In Re the Marriage of:
Robert Charles Carroll, petitioner,
Respondent,

vs.

Pauline Michelle Carroll,
Appellant.

 

Filed February 29, 2000
Affirmed
Shumaker, Judge
Dissenting, Lansing, Judge

Anoka County District Court
File No. F3946431

John C. Sanders, 110 Anoka Office Center, 2150 Third Avenue North, Anoka, MN 55303 (for respondent)

Timothy S. Choal, 1759 Selby Avenue, St. Paul, MN 55104 (for appellant)

Considered and decided by Halbrooks, Presiding Judge, Lansing, Judge, and Shumaker, Judge.

 

 

U N P U B L I S H E D   O P I N I O N

SHUMAKER

, Judge

Appellant challenges the district court's denial of her motion for an award of costs and damages under a cash bond posted for attachment of appellant's property. Because the attachment was proper and was vacated because the parties settled the underlying dispute, no liability arose on the cash bond, and we affirm.

 

FACTS

On April 29, 1997, the district court granted respondent Robert Carroll's motion for a preliminary attachment order to secure the payment of child support arrearages allegedly owed by his former spouse, appellant Pauline Carroll. The order directed the sheriff to seize and retain appellant's boat, motor, and trailer, and required respondent to post a $500 penal bond as provided in Minn. Stat. § 570.041, subd. 1 (1998). In lieu of the bond, respondent deposited cash. This satisfied the bonding requirement. Minn. Stat. § 570.041, subd. 3 (1998).

Appellant's boat, motor and trailer were being stored on respondent's father's property. The sheriff decided to leave the goods there pending the court's final order. Appellant objected and requested the court to order the sheriff to take possession of the goods and to store them elsewhere. The court granted the request. The sheriff complied and incurred storage charges.
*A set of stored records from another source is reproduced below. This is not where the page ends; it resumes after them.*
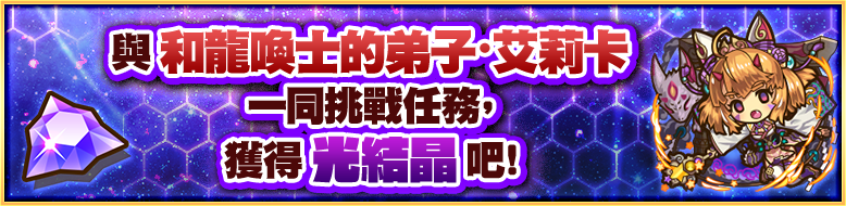 活動期間內登入& Lv4 以上的玩家 可領取 11連轉蛋券×1、帝國守護神・雅典娜×1、和龍喚士的弟子・艾莉卡×1、七星避邪姬・琦鈴×1、焰刻時龍契士・米爾×1、華麗的天才・珍×1、踢踢公主&惡魔使者×1、始源之龍喚士・索妮雅=古藍×1
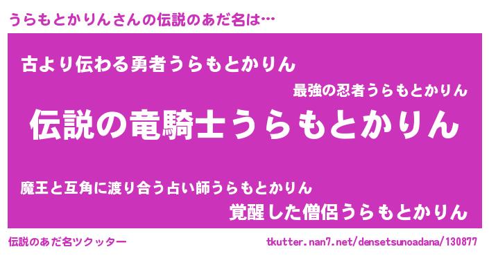 | ヒーロー風カッコイイあだ名 | 『仮面ウラダー』『ネオウラモトカリン』 |
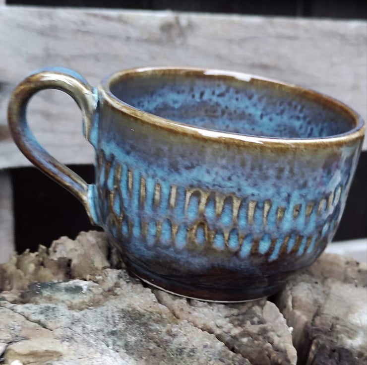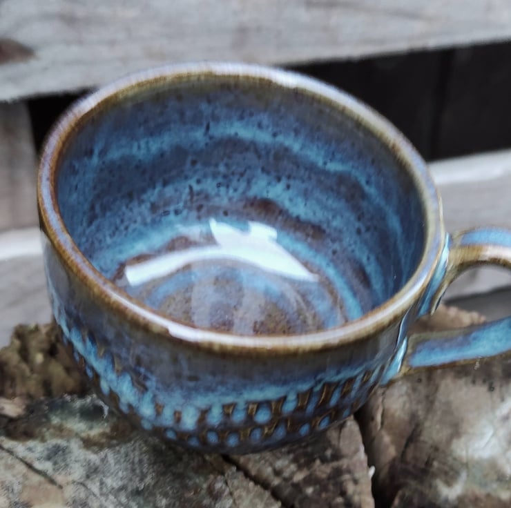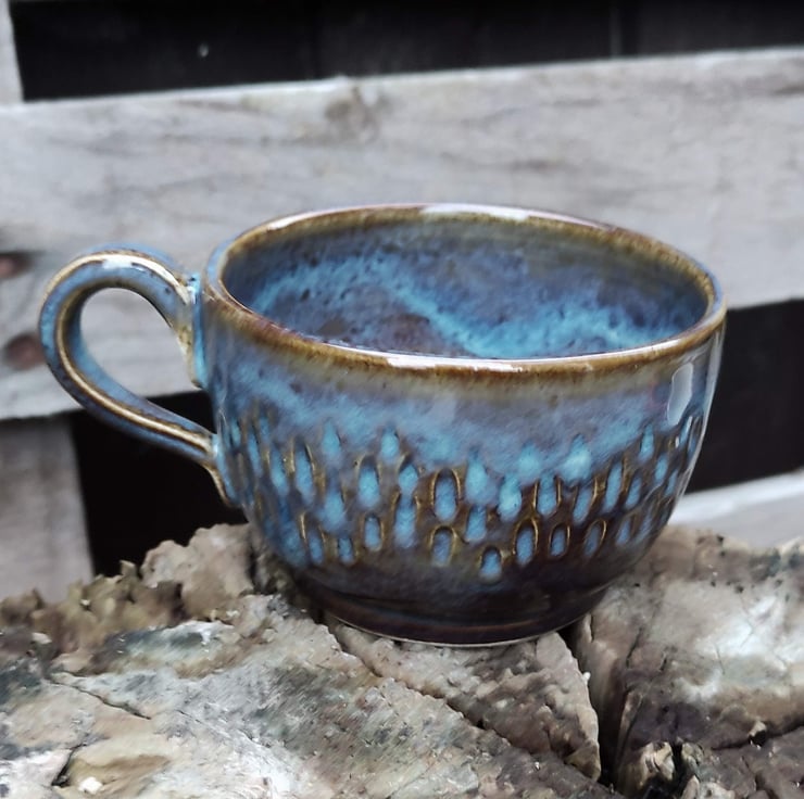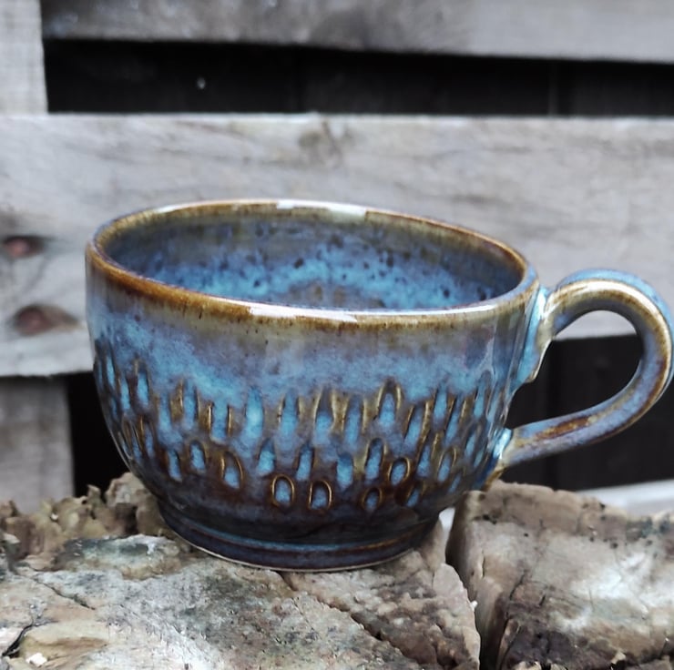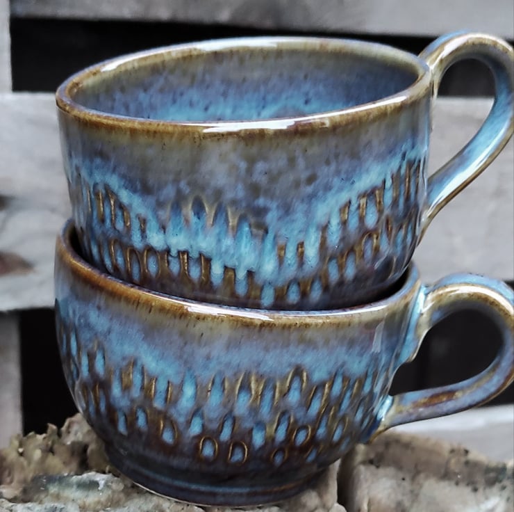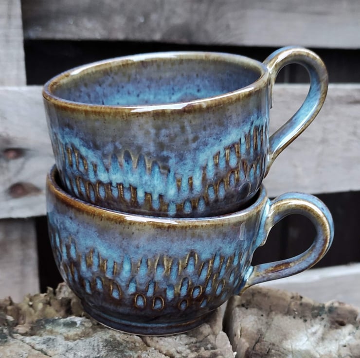 These are low coffee or tea cups (especially if you're using a teapot!)...another shape for my hedgehog design. One cup is slightly smaller than the other in height but fit together well. Fired to c1226 degrees (stoneware temperature) which makes the cup more durable.

The court issued a final attachment order on July 17, 1997. In doing so, the court noted that appellant had removed property in the past in violation of a court order and had been incarcerated for that violation. The court also noted that appellant had refused to pay income taxes or file returns for several years and had stated her willingness to go to jail to uphold her beliefs. As its first basis for attachment, the court cited Minn. Stat. § 570.02, subd. 1(1) (1998), allowing attachment when a party has secreted or disposed of, or is about to secrete or dispose of, nonexempt property to delay or defraud creditors. The court cited Minn. Stat. § 570.02, subd. 1(3) (1998) as its second basis for attachment. Under that subdivision, attachment is appropriate if a party has removed or is about to remove nonexempt property to delay or defraud creditors. Relevant to the second basis was respondent's allegation that appellant's boyfriend lived in North Dakota, implying that appellant had a place beyond the court's jurisdiction to which to take the goods.

Appellant appealed the attachment order to this court, and we affirmed, holding that there was sufficient evidence to support both grounds for the attachment. Carroll v. Carroll, No. C8-97-1566 (Minn. App. Mar. 17, 1998).
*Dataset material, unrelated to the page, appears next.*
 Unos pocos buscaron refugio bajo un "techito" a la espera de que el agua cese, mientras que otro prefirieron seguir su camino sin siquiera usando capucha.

In an earlier appeal in the dissolution proceeding, we remanded to the district court for further findings as to the alleged child support arrearages. Carroll v. Carroll, No. C8-97-725 (Minn. App. Oct. 14, 1997). While the district court had the remanded issue under advisement, the parties jointly submitted a proposed order that provided in part:

[A]lthough it appears [appellant] may be due some repayment from the [respondent] after these credits are applied, the parties have stipulated to simply "zero out" any remaining arrears * * * .

(Emphasis added.) The court adopted the order and entered it on January 27, 1999.
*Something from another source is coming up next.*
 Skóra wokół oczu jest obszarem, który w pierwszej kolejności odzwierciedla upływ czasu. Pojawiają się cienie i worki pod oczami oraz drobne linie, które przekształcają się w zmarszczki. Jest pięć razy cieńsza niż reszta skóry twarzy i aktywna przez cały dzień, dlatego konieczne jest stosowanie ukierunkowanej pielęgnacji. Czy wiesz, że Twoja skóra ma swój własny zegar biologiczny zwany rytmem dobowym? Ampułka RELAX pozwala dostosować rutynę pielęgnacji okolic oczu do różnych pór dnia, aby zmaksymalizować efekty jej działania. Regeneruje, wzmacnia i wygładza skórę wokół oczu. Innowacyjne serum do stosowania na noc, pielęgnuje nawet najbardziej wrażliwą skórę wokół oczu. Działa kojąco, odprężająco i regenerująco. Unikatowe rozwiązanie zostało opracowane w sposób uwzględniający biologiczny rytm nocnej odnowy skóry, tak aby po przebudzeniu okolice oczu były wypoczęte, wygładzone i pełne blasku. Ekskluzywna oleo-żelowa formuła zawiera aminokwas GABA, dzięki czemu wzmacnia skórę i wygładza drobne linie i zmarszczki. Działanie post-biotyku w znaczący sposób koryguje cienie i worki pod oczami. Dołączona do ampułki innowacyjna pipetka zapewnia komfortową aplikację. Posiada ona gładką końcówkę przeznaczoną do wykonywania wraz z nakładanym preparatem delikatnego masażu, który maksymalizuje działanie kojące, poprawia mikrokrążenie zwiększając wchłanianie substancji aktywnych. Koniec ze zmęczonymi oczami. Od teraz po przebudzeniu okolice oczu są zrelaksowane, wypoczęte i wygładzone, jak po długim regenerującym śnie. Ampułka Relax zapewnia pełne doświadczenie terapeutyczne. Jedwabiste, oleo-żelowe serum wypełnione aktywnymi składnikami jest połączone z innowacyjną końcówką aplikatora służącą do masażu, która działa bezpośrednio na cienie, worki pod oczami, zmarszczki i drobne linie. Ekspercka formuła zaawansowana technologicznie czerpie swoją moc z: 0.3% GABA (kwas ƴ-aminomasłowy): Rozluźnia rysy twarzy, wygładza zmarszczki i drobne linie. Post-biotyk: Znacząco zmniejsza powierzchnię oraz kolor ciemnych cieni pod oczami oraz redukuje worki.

Because the issue of arrearages had been resolved, in April 1999 appellant moved for an order vacating the attachment and modifying the cash bond to cover storage costs and other damages that appellant allegedly incurred as a result of the attachment. In its order dated June 10, 1999, the district court vacated the attachment, discharged the cash bond, and denied appellant's motion for costs and damages. The court denied the motion because it found that the attachment was not wrongful and that, on the authority of Downs v. American Sur. Co., 132 Minn. 201, 204, 156 N.W. 6 (1915), there is no liability on an attachment bond when the parties settle the underlying dispute.

On appeal, appellant contends that the court erred because she never compromised her position on arrearages and that respondent in fact conceded appellant was entitled to offsets.

 

D E C I S I O N

A reviewing court is not bound by and need not give deference to a district court's decision on a purely legal issue. Frost-Benco Elec. Ass'n v. Minnesota Pub. Utils. Comm'n, 358 N.W.2d 639, 642 (Minn. 1984). Because the district court's denial of appellant's motion for costs and damages was based on an interpretation and application of law, we review that decision de novo. In re Senty-Haugen, 583 N.W.2d 266, 268 (Minn. 1998).

Minn. Stat. § 570.041, subd. 1 (1998), requires a claimant to post a penal bond of at least $500 before the court may order an attachment. The bond provides security for the payment of costs or damages caused by the attachment if judgment is awarded to the owner of the attached property or if the attachment is vacated. Minn. Stat. § 570.041, subd. 1. Minn. Stat. § 570.131, subd. 2 (1998), also provides for an award of charges and expenses if the bond is vacated.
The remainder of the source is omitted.